Listen, I have long term kidney problems - it's always the toilets that stand out to me and there's an essay to be written by a film and TV student somewhere on the role of the bathroom in contemporary modern culture, if it hasn't been written already.

There are limits on our cultural understanding and acceptance of femininity, and these are challenged by watching a female character on the toilet. It's a signifier to the viewer that you're about to make the acquaintance of a woman who's not like the others, a woman who's a bit more ragged and ready.

There's been a long build of bad girls in popular culture but Fleabag and Arabella reached new heights with the realism of their black humour and visceral truth about millennial womanhood. Reviews were uncritically breathless, as though all were afraid to suggest any room for improvement in such modern masterpieces.

A common commentary was how fresh and brave and groundbreaking both these shows are. Some of this talk of bravery is way of saying these female characters are unlikeable, clatty, swear freely and talk about periods without decency. I'd like to think we'd move on apace from balking at that last but, sadly, we're still living in an age where the latest Tampax advert had to be pulled in Ireland following complaints of it carrying "excessive detail".

Doctor, newspaper columnist and radio presenter Ciara Kelly raged quite beautifully against this in a segment on Newstalk FM. "It's about shame," she said, and she was right.
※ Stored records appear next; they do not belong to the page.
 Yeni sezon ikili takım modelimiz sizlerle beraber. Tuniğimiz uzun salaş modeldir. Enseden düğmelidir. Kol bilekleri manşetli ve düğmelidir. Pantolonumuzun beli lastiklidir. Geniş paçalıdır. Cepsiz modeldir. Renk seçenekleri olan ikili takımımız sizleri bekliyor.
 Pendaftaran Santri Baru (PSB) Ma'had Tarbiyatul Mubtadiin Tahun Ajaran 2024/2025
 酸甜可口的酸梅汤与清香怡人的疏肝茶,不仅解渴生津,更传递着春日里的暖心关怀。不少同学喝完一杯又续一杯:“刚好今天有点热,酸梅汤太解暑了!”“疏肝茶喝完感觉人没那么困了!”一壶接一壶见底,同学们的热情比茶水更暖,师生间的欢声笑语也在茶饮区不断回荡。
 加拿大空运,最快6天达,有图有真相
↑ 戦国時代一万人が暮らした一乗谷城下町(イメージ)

It's residual shame of women's bodies, women's behaviour and expectations of women that make us worship fictional characters who lay themselves bare with barely a blink. Men, of course, have long been portrayed as gross and grim but women must be neat and contained.
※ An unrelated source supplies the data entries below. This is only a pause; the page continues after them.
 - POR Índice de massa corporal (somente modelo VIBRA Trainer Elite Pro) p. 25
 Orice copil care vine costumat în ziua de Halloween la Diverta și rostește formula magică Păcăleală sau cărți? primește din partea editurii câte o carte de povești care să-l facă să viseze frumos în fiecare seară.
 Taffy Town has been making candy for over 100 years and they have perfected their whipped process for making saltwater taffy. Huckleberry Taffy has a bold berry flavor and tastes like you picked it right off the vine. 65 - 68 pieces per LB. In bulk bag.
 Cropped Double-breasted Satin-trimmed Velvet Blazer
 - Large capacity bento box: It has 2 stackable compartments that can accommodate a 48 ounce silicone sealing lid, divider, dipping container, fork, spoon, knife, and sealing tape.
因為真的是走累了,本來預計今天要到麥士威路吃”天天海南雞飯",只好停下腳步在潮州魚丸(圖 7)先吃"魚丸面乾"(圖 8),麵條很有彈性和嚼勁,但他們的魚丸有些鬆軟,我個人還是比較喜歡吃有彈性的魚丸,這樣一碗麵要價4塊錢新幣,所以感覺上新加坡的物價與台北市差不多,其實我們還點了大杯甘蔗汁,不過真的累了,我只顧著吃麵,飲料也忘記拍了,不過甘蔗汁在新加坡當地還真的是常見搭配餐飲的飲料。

They must also be likeable and part of the delighted shock of Fleabag and Bella is that, not only are they unabashed at the unpleasant mechanics of their bodies, they're also not very pleasant people.

Bella, to be fair to her, begins as lazy and self-centred but largely loveable before her trauma sends her spinning. Fleabag is a nightmare. An awful friend, an awful daughter, an awful sister, an awful girlfriend. She does not know when to say when and all those around her suffer as a result.
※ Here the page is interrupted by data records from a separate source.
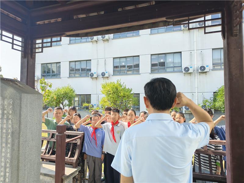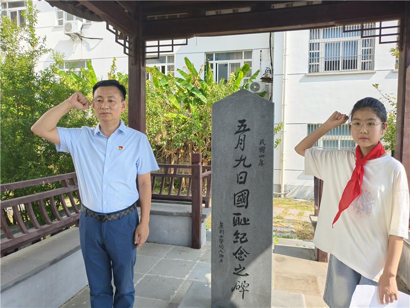 同里镇社事办主任王斌受邀为典礼致辞。她结合9月3日天安门广场阅兵式的重要意义,从校园“雪耻亭”内的“五九国耻纪念碑”切入,回顾80多年前同里地区的抗战历史,点明纪念碑“铭记过去、激励未来”的意义。她还勉励学生,“自强”无需等长大:课堂认真求知是“学习自强”,遇困不弃是“品格自强”,助人护校是“责任自强”,号召大家以点滴努力为己、为家乡、为祖国“变强”。
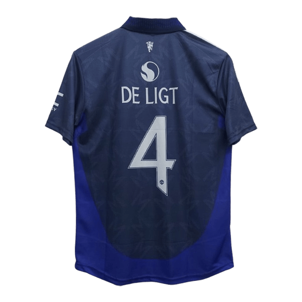 Primary Color:  The Jersey features Manchester United’s traditional away colors blue, enhanced with modern design elements. The front is adorned with subtle, darker red accents, adding depth and a contemporary look.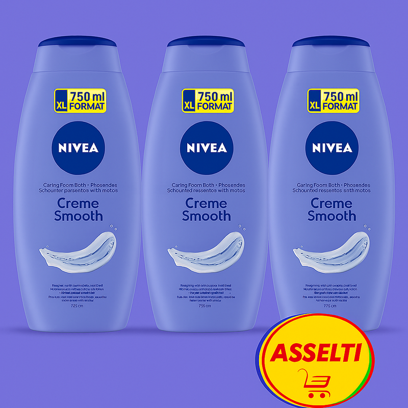 Nivea Creme Smooth – Spumă de baie cu unt de shea, 3x750ml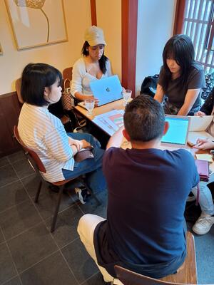 夕方には、「絵本カフェめばえ」にて、生徒たちが企業の方へ向けてプレゼンを行いました。実際に企業の方と打ち合わせをしている高校生は学校では見せないようなしっかりとした受け答えをしていて驚かされました!やはり生徒たちは高校の外へ出ることで大きく飛躍することを実感しています。

Such grotesquerie from a man is standard but from a woman, all new.

There are many ways in which Fleabag and I May Destroy You are groundbreaking: in their complex narrative structures or in their nuanced, new response to consent and trauma. They are groundbreaking, too, in their levels of creative control for their women writer/performers.

This last is something the playwright Lucy Prebble spoke of this week in an interview about her new Sky Atlantic drama, I Hate Suzie, co-written with the actress Billie Piper.

There has, she said, been a marked change in attitudes towards female artists working in television with Fleabag and I May Destroy You leading the way for women to have control of their own stories, putting women in positions of power. For young writers like Waller-Bridge and Coel, this can be a cursed blessing - even precocious talent needs nurture.

Creative power for female writers, though, is the way to ensure we have dirty, messy women and we should be glad of that. I think of the female characters who marked my 20s and they were aspirational, not truthful. We were presented with the sweet and anodyne Bridget Jones or the women of Friends. Even in our racy Sex and the City Carrie was unpleasant but in a mild, bitchy, clean way. Samantha was dirty but in a refined, soft focus way.

Piper, speaking of her role in I Hate Suzie, said, "One joy of the new show is that it features a lead character who is unashamedly flawed and messy."

Calling the character "unlikeable" she said, "She’s quite often monstrous and hysterical and tightly wound. I find it incredibly frustrating when I watch anything and I’m not getting that from the female character. It pisses me off.”

Amen to that. It's not that unlikeable bad girls on TV are uncommon. But that this very raw, deliberate unlikeability is still perceived as refreshing. It shouldn't be. Cleaning up female characters, making them palatable is also about shame and come on, we should be past that by now.